▶ **DIRECTIONS**: From the line with "Schweiz. Vereinigung für" down to the final line of the material below, quote every line exactly and leave out all lines before it.

▶ **RECORDS PROVIDED**:

[Start of Attachment]

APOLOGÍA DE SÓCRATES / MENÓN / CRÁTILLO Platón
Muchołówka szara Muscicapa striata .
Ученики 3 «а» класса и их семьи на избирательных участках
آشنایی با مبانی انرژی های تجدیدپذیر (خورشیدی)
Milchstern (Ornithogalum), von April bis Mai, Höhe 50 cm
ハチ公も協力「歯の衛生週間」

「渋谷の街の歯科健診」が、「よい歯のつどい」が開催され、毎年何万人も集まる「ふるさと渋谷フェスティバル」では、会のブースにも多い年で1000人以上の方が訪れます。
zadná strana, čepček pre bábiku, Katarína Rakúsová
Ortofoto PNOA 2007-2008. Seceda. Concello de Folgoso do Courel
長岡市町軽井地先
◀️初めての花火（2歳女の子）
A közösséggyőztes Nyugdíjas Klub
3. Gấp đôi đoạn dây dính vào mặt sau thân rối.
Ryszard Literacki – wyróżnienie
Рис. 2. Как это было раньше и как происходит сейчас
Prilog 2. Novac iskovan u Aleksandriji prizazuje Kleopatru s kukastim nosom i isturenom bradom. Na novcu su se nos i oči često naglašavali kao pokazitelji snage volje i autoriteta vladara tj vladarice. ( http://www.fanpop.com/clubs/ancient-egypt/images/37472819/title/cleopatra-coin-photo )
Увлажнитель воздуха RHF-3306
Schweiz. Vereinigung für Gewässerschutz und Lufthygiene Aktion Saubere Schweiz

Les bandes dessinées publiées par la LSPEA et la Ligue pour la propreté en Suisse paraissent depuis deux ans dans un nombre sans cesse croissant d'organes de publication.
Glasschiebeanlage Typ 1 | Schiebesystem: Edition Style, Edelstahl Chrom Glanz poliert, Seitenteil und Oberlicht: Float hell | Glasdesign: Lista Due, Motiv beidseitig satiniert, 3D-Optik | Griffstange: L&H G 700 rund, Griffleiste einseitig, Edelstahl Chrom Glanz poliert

[End of Attachment]

▶ **SOLUTION TO THE PROBLEM**:
Schweiz. Vereinigung für Gewässerschutz und Lufthygiene Aktion Saubere Schweiz

Les bandes dessinées publiées par la LSPEA et la Ligue pour la propreté en Suisse paraissent depuis deux ans dans un nombre sans cesse croissant d'organes de publication.
Glasschiebeanlage Typ 1 | Schiebesystem: Edition Style, Edelstahl Chrom Glanz poliert, Seitenteil und Oberlicht: Float hell | Glasdesign: Lista Due, Motiv beidseitig satiniert, 3D-Optik | Griffstange: L&H G 700 rund, Griffleiste einseitig, Edelstahl Chrom Glanz poliert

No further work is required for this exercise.